Elnora didn’t answer. She stood a little behind the chair, erect, still as an Indian. The afternoon was drawing on. The sun was now falling level across the garden below the window, and soon the jasmine in the garden began to smell with evening, coming into the room in slow waves almost palpable; thick, sweet, oversweet. The two women were motionless in the window: the one leaning a little forward in the wheel chair, the Negress a little behind the chair, motionless too and erect as a caryatid.
The light in the garden was beginning to turn copper-colored when the woman and the boy entered the garden and approached the house. The old woman in the chair leaned suddenly forward. To Elnora it seemed as if the old woman in the wheel chair had in that motion escaped her helpless body like a bird and crossed the garden to meet the child; moving forward a little herself Elnora could see on the other’s face an expression fond, immediate, and oblivious. So the two people had crossed the garden and were almost to the house when the old woman sat suddenly and sharply back. “Why, they’re wet!” she said. “Look at their clothes. They have been in the creek with their clothes on!”
“I reckon I better go and get supper started,” Elnora said.
II
IN THE kitchen Elnora prepared the lettuce and the tomatoes, and sliced the bread (not honest cornbread, not even biscuit) which the woman whose very
name she did not speak unless it was absolutely necessary, had taught her to bake. Isom and Saddie sat in two chairs against the wall. “I got nothing against her,” Elnora said. “I nigger and she white. But my black children got more blood than she got. More behavior.”

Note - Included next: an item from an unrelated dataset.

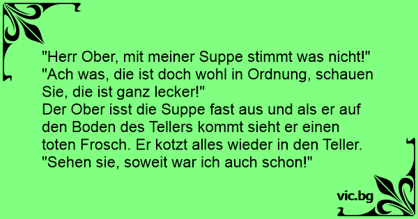 Der Ober isst die Suppe fast aus und als er auf den Boden des Tellers kommt sieht er einen toten Frosch. Er kotzt alles wieder in den Teller. "Sehen sie, soweit war ich auch schon!"

“You and Miss Jenny both think ain’t nobody been born since Miss Jenny,” Isom said.
“Who is been?” Elnora said.
“Miss Jenny get along all right with Miss Narcissa,” Isom said. “Seem to me like she the one to say. I ain’t heard her say nothing about it.”

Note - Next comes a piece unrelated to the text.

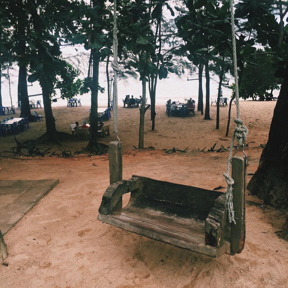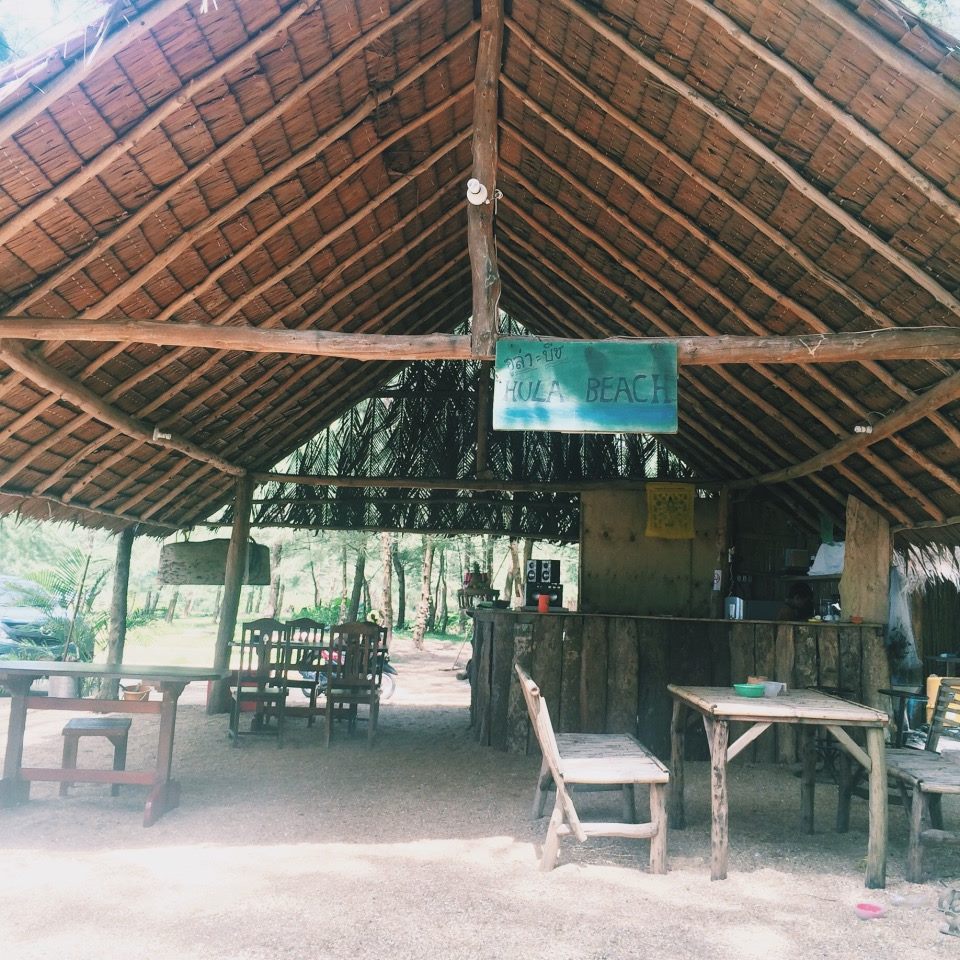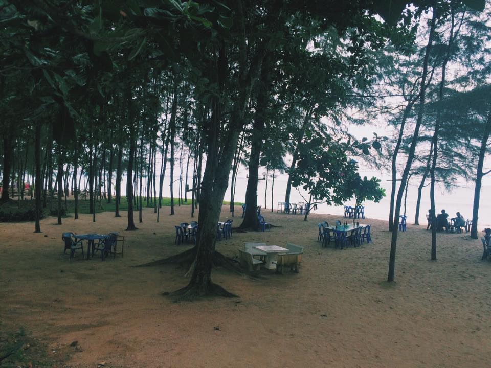 มีที่ให้นั่งพักผ่อนริมชายหาดด้วย ติดกับร้านอาหารและที่พักเลย

“Because Miss Jenny quality,” Elnora said. “That’s why. And that’s something you don’t know nothing about, because you born too late to see any of it except her.”

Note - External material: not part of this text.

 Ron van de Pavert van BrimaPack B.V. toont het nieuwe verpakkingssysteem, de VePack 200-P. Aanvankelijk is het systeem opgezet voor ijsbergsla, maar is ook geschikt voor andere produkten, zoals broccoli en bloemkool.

“Look to me like Miss Narcissa good quality as anybody else,” Isom said. “I don’t see no difference.”
Elnora moved suddenly from the table. Isom as suddenly sprang up and moved his chair out of his mother’s path. But she only went to the cupboard and took a platter from it and returned to the table, to the tomatoes. “Born Sartoris or born quality of any kind ain’t is, it’s does.” She talked in a level, inflectionless voice above her limber, brown, deft hands. When she spoke of the two women she used “she” indiscriminately, putting the least inflection on the one which referred to Miss Jenny. “Come all the way here by Herself, and the country still full of Yankees. All the way from Cal-lina, with Her folks all killed and dead except old Marse John, and him two hundred miles away in Missippi—”
“It’s moren two hundred miles from here to Cal-lina,” Isom said. “Learnt that in school. It’s nigher two thousand.”